Instructions to follow -
Please retype, word for word, the line containing "0906 бордо |" and every line after it through the end of the records, leaving out all pictures.
──────── Dataset extract ────────
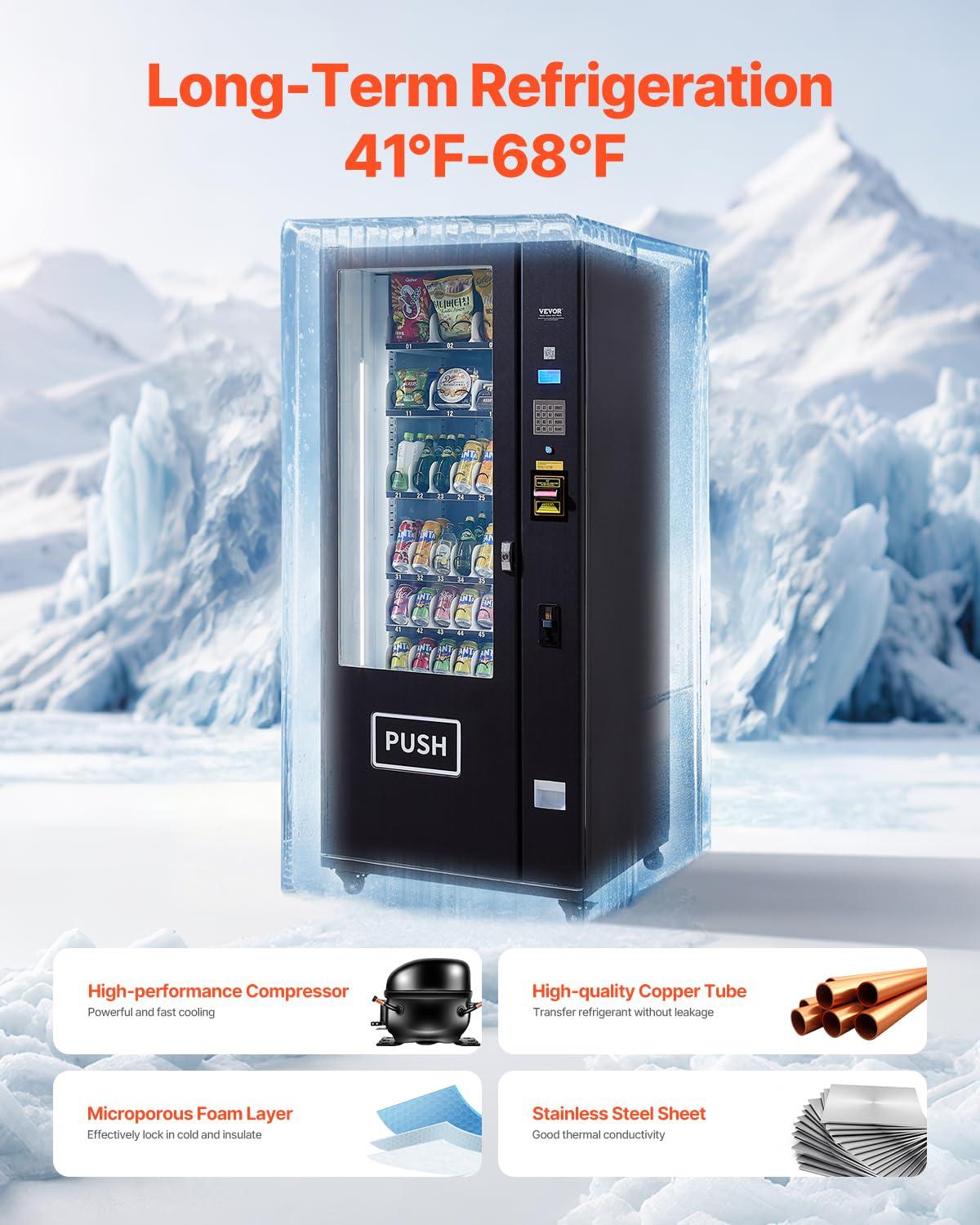 Support Multiple Payment Options: Equipped with ICT bill/coin acceptor, the combo vending machine supports both bill payments ($1, $5, $10, $20) and coin payments ($0.01, $0.05, $0.10, $1). It features fast acceptance speed, high recognition accuracy, and advanced anti-counterfeiting technology
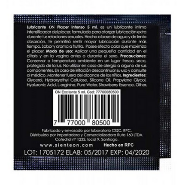 El Lubricante Excitante es intensificador del placer, formulado para otorgar lubricación extra en los encuentros sexuales. Elaborado a base de agua y de silicona de lenta absorción, te permitirá sentir mayor lubricación durante más tiempo. Sabor y aroma a frutilla, posee leve efecto calor que maximiza el placer.
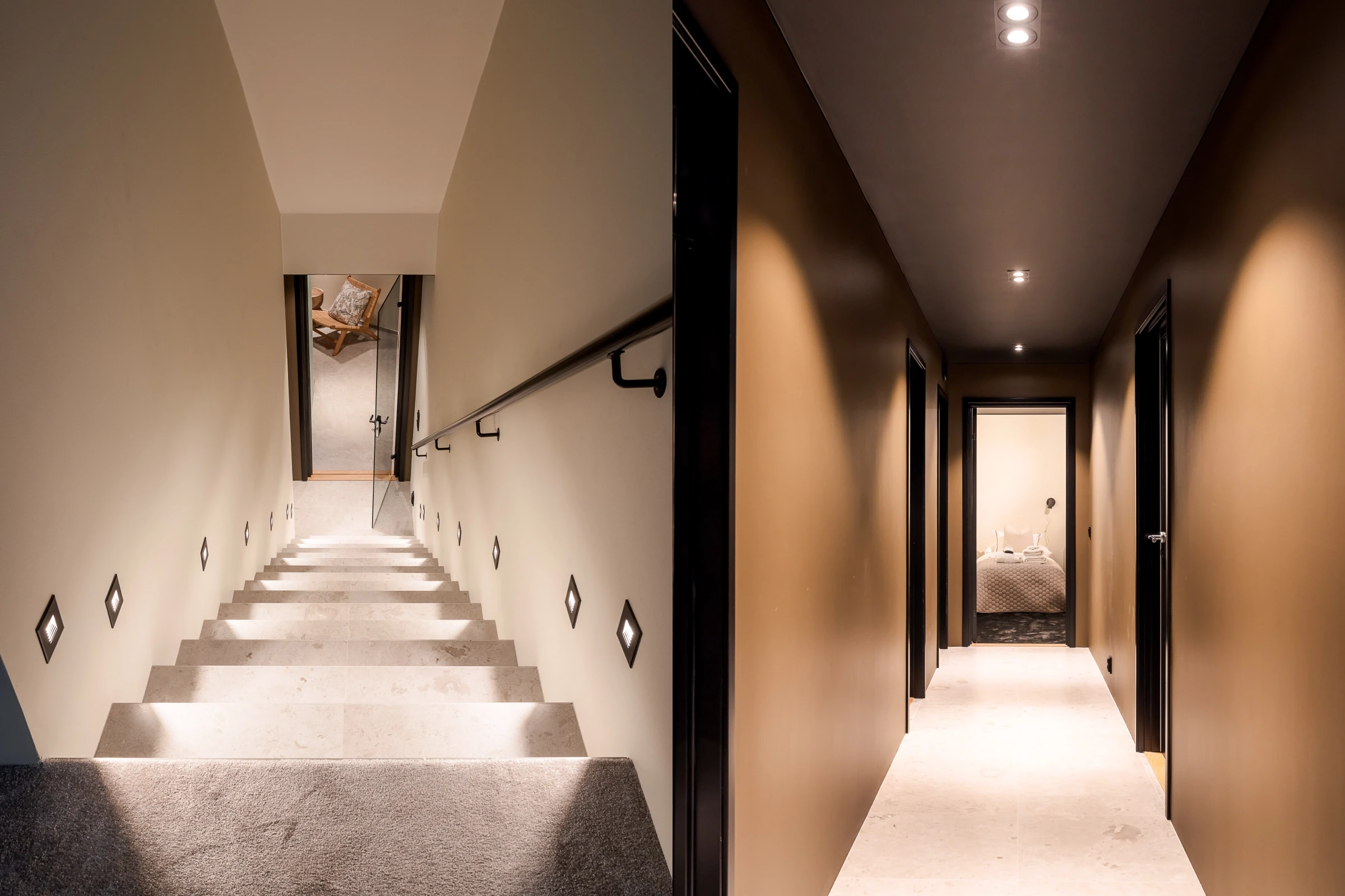 Interior spaces are tightly composed and carefully sequenced. A muted palette of stone, wood and dark finishes adds depth and tactility, while controlled lighting reinforces a calm, composed atmosphere. Every element is considered, leaving little excess and little distraction.
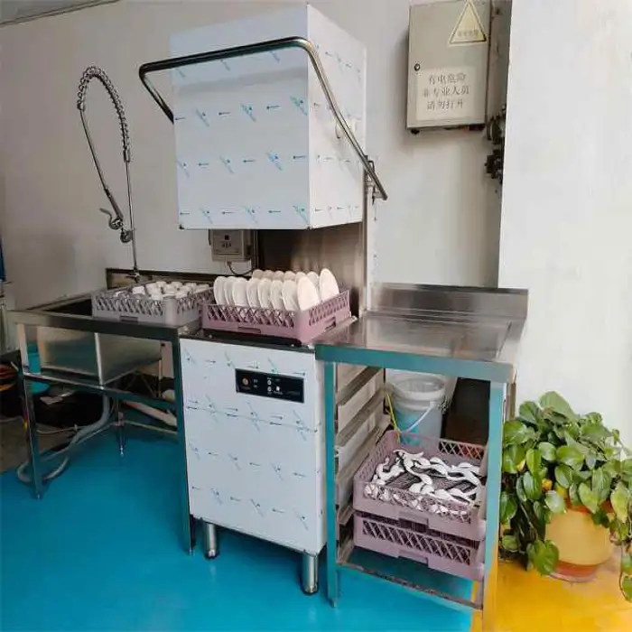 This is an automatic commercial dishwasher, which automates the washing process for efficiency.
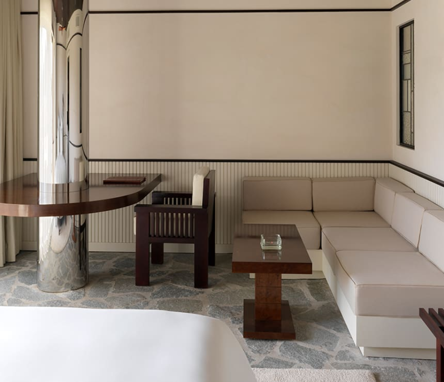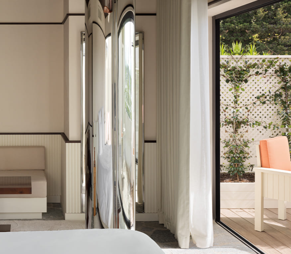 Это спокойный и минималистский номер площадью 30 м². Из него открывается прямой вид на сад или есть собственная терраса для тех, кто находится на верхнем этаже. В небольшой гостиной есть письменный стол, если вы хотите рисовать, читать книгу или работать удаленно. В ванных комнатах естественный свет смешивается с розовым мрамором через геометрические витражи. В большинстве номеров есть ванна.
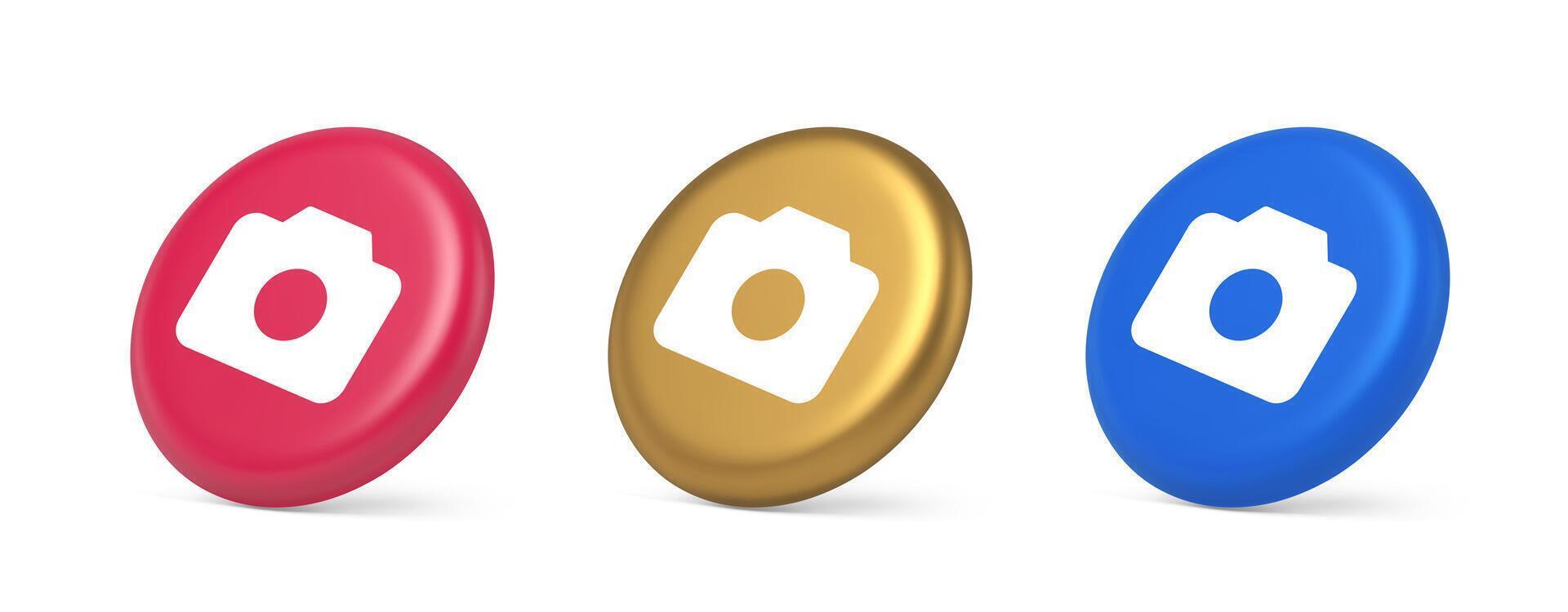 Camera multimedia application content creation digital button 3d realistic isometric circle icon Pro Vector
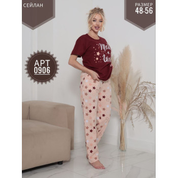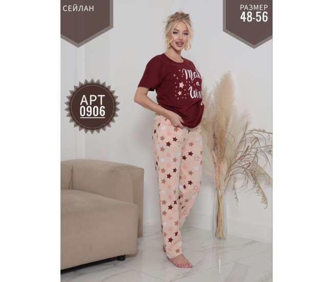 | Наименование | Пижама жен. Ceylan (кофта+штаны) 48-56р (прод по 5) 0906 бордо |
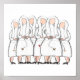 Catholic nuns, pen & ink poster art, 6 nuns wearing white habits holding rosaries.
────────
Solution to this task -
 | Наименование | Пижама жен. Ceylan (кофта+штаны) 48-56р (прод по 5) 0906 бордо |
 Catholic nuns, pen & ink poster art, 6 nuns wearing white habits holding rosaries.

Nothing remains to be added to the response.